Имелась только одна загвоздка — никаких водоёмов в том направлении не было. И водотоков тоже. Я это знал доподлинно, потому что ездил здесь каждый день.

Новый знак я заметил издали и так удивился, что остановил мотоцикл. Притёрся к бордюру перед столбом, снял шлем и поскрёб в затылке. Толку от этого не прибавилось. Я таращился, как баран на отреставрированные ворота.

Для верности я припомнил карту района. Ближайшая речка — Клязьма, но она в другой стороне, за моей спиной. А впереди по курсу, через полтора километра — выезд на Ярославское шоссе и поворот на Москву, без всякой воды.

И как это понимать?

Машины ехали мимо знака, не притормаживая. Его появление никого, кроме меня, не смутило. Народ решил, судя по всему, что гаишники промахнулись и от избытка энтузиазма воткнули столб не туда. Бывает.

На улице пахло пылью и выхлопными газами. Жар висел над асфальтом, автомобильные стёкла взблёскивали на солнце. Пух летел с тополей, ложился на землю, склеиваясь в лохматые плети.

Забавы ради я достал телефон, навёл камеру на знак. Сделал снимок и с чувством выполненного долга снова нацепил шлем. Пора было ехать дальше — до собеседования осталось десять минут.

Опоздать я, впрочем, не опасался. Пробки отсутствовали, час пик давно миновал, и я был почти у цели. Да и вообще, Космоград не отличался внушительными размерами, хоть и разросся к двадцать первому веку.

На перекрёстке горел зелёный, и я проскочил удачно, а через два квартала свернул налево и подкатил к Академии.
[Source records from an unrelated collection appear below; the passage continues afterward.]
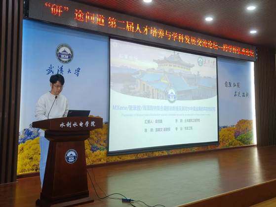 接下来,土木建筑工程黄播平台硕士生梁佳童以《MXene/聚苯胺/海藻酸钠复合凝胶的制备及其对水中重金属的共吸附研究》为题进行学术报告。考虑到水体中的重金属因其持久性和毒性,已对环境和人体健康构成重大威胁这一现实情况,梁同学介绍了一种由他设计并合成的新型复合吸附材料,该材料具有稳定且可再生的特性,不仅能在复杂水环境中表现出强大的吸附能力,同时还具备优异的化学稳定性和可循环使用的特性,大幅提升了重金属去除效率。他的研究为解决水体重金属污染提供了新的技术途径,展现了高效、可持续的吸附材料在环境保护中的应用潜力,具有重要的环境意义和应用前景。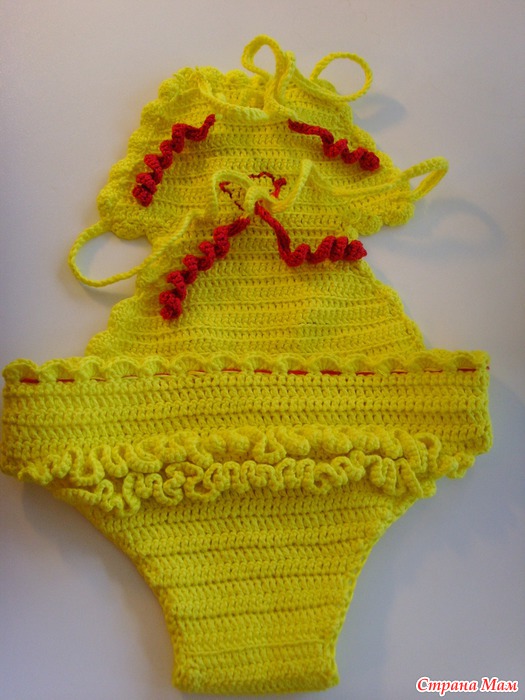 Начинаем вязать симпотичный детский купальник в виде уточки.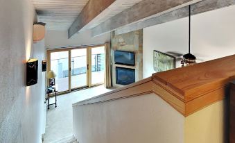 High ceiling in a family settings. Sliding door to balcony. Kitchenette with cookware. Highly recommended.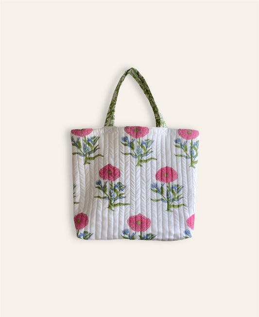 Hand Block Print Quilted Tote Bag #quilted-tote

Уже начались каникулы, машин на парковке было немного. Поставив свою спортивную «хонду» с раскосыми глазищами-фарами, я взбежал на крыльцо.

Ещё пять минут в запасе, нормально.

Точность — вежливость космолётчика.

Стереопанно в вестибюле, занимавшее полстены, демонстрировало орбитальную станцию «InterSpace» — первую в истории, обеспеченную искусственной силой тяжести. Колесо диаметром в километр, насаженное на толстую ось, крутилось на фоне звёздного неба и голубого бока Земли.

По лестнице я поднялся с пижонской неторопливостью. Подошёл к деканату, коротко постучал и переступил порог.

Секретарша Оля, уставившись в монитор, возила по столешнице мышью. Вид при этом имела сосредоточенный — не то решала бюрократические задачи с применением матанализа, не то раскладывала пасьянс. Блондинистые волосы были рассыпаны по плечам.

— Привет, — сказал я. — Ты невыносимо прекрасна. Как и обычно.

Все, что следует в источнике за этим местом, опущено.